6. Review Your Insurance Policies for Cost Savings and Long-Term Coverage
As part of your overall 2025 action plan, don’t overlook the importance of insurance. Insurance serves as a critical tool in wealth preservation and risk management, and with ongoing changes in premiums and coverage options, it’s a great time to evaluate your current policies.
Review your life, health, property, and business insurance policies to identify opportunities for savings without compromising coverage. A comprehensive insurance review can highlight areas where you may be overpaying or underinsured, providing the opportunity to secure long-term protection at more affordable rates. Consulting with an insurance professional can ensure you are fully covered for any eventuality, from unforeseen life events to business risks.
7. Estate Planning for Digital Assets and Cryptocurrencies
As digital assets, including cryptocurrencies and online accounts, continue to grow in popularity, it’s important to include these assets in your estate plan. These assets may require special consideration to ensure they are properly transferred and managed after your death.
Take time to inventory all of your digital assets and make sure you have clear instructions for your beneficiaries on how to access them. Consider working with an estate planning attorney who is familiar with digital asset laws and can ensure your online assets are included in your will or trust.

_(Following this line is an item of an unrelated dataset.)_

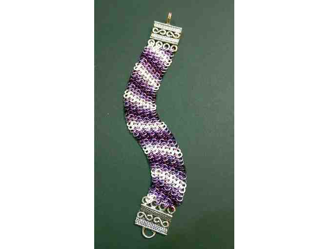 This handmade bracelet was created using hundreds of individually wrapped links connected to mimic a chainmaille pattern. The lavender, purple and white diagonal pattern make this a great accessory for both your casual and formal outfits.

8. Establish a Charitable Giving Plan to Reduce Taxes and Support Causes You Care About
Philanthropy plays a significant role in many estate and wealth strategies. Charitable giving can reduce your taxable estate while benefiting causes that are close to your heart. In 2025, consider formalizing your charitable giving plan, whether through a donor-advised fund, charitable remainder trust, or direct gifts to your chosen charities. By strategically donating, you can lower your estate taxes while leaving a meaningful legacy to the causes you support. This also provides an opportunity to involve younger generations in your philanthropic endeavors, teaching them about the importance of giving back.